Si les valeurs les plus sûres s’effondraient… Malko repartit pour la dunette, décidé à recourir aux grands moyens. Le temps d’ouvrir l’enveloppe aux dollars et il brandissait cinq billets de cent dollars sous le nez du Danois.

— S’il arrive quoi que ce soit, je vous paie votre bateau, promit-il.

Il faut dire à la décharge du Danois qu’il n’hésita qu’une demi-seconde. Empochant les billets, il donna un violent coup de barre à tribord. Il était temps.

Déjà, dans le lointain, Malko apercevait la tache jaune du bateau pilote près duquel les autres devaient attendre…

Le chalutier commença à se rapprocher du Ragona.

Cette fois, il y eut une réaction. Le capitaine du minéralier brandit un poing furieux dans sa direction.

Une brusque secousse faillit jeter Malko à la mer. Le petit chalutier tanguait comme un bateau-lavoir pris dans une tornade tropicale.

Le grondement du moteur augmenta.
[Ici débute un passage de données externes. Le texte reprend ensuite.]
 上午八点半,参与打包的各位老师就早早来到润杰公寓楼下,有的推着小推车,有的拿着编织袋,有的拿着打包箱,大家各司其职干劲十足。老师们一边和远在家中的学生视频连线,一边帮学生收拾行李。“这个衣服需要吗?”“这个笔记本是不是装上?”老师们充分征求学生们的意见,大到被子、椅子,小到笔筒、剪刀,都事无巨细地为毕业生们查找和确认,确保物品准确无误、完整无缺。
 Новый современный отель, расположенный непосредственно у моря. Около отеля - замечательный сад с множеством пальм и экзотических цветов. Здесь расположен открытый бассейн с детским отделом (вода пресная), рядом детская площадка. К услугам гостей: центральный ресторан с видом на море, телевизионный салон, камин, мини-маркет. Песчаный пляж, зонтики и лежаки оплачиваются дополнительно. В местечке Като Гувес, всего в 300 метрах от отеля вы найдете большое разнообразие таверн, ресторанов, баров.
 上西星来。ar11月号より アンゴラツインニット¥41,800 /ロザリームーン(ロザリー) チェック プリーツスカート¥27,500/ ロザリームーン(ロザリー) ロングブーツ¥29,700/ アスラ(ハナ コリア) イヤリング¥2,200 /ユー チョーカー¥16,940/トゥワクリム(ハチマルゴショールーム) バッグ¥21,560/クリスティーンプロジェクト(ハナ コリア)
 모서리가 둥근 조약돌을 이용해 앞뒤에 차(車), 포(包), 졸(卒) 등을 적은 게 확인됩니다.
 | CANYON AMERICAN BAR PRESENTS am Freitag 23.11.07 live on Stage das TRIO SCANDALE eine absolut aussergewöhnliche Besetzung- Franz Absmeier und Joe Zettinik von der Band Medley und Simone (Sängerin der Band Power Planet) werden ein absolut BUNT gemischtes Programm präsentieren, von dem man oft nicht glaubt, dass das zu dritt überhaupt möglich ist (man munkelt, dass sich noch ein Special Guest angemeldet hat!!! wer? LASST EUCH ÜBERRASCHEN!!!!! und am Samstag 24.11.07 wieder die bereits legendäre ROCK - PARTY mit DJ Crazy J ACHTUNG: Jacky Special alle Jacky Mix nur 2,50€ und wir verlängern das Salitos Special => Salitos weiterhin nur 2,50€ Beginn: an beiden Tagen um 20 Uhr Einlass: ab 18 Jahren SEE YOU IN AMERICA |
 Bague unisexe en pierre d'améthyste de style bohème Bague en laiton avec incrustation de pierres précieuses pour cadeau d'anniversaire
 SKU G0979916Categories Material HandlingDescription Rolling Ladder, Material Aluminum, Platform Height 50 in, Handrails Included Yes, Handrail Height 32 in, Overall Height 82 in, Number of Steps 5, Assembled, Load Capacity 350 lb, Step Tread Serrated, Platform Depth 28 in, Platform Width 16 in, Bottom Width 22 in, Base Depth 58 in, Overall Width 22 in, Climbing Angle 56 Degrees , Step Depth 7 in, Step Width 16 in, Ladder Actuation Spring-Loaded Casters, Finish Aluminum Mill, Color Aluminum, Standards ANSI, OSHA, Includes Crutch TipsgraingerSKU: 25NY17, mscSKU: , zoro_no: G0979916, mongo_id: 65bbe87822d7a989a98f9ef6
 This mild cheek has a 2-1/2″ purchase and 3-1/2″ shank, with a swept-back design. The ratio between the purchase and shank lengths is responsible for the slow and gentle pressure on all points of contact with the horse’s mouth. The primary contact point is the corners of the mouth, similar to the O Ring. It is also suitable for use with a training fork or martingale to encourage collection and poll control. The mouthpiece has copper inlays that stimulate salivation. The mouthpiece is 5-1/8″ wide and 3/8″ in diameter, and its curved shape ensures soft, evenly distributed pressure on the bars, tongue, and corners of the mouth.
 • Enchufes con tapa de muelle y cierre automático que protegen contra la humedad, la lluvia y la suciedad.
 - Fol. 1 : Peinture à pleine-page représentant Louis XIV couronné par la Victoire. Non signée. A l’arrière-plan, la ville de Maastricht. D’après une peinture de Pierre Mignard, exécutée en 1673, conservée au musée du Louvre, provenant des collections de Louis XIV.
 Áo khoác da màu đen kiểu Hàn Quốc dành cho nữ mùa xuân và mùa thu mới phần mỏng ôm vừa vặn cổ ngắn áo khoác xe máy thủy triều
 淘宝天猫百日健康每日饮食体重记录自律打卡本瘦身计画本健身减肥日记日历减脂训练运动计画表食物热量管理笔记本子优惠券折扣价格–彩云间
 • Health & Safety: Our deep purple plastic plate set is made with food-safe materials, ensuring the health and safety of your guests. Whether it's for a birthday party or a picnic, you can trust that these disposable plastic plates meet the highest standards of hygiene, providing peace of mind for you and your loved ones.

Centimètre par centimètre, il commença à remonter le gros minéralier.

Malko regardait, assez inquiet, le chalutier s’approcher dangereusement de la coque énorme… Il s’agissait de stopper le Ragona, pas de se faire écrabouiller…

Il leur fallut près de cinq minutes pour dépasser d’une dizaine de mètres l’avant du minéralier. Alors, lentement, le Danois commença à se rabattre, tout en donnant des petits coups de sirène. C’était quitte ou double. Si le capitaine du minéralier faisait la sourde oreille, il les coupait en deux sans même s’en apercevoir. Derrière eux, la proue du Ragona s’élevait menaçante comme un éperon…

Très lentement, l’oncle commença à réduire sa vitesse. Plusieurs têtes se penchèrent à la lisse, hurlant des injures emportées par le vent. L’étrave n’était plus qu’à quelques mètres du chalutier. Malko en avait des sueurs froides. Le minéralier ne pouvait pas grand-chose contre cette tactique car le chalutier était beaucoup plus maniable que lui. C’était leur meilleur atout.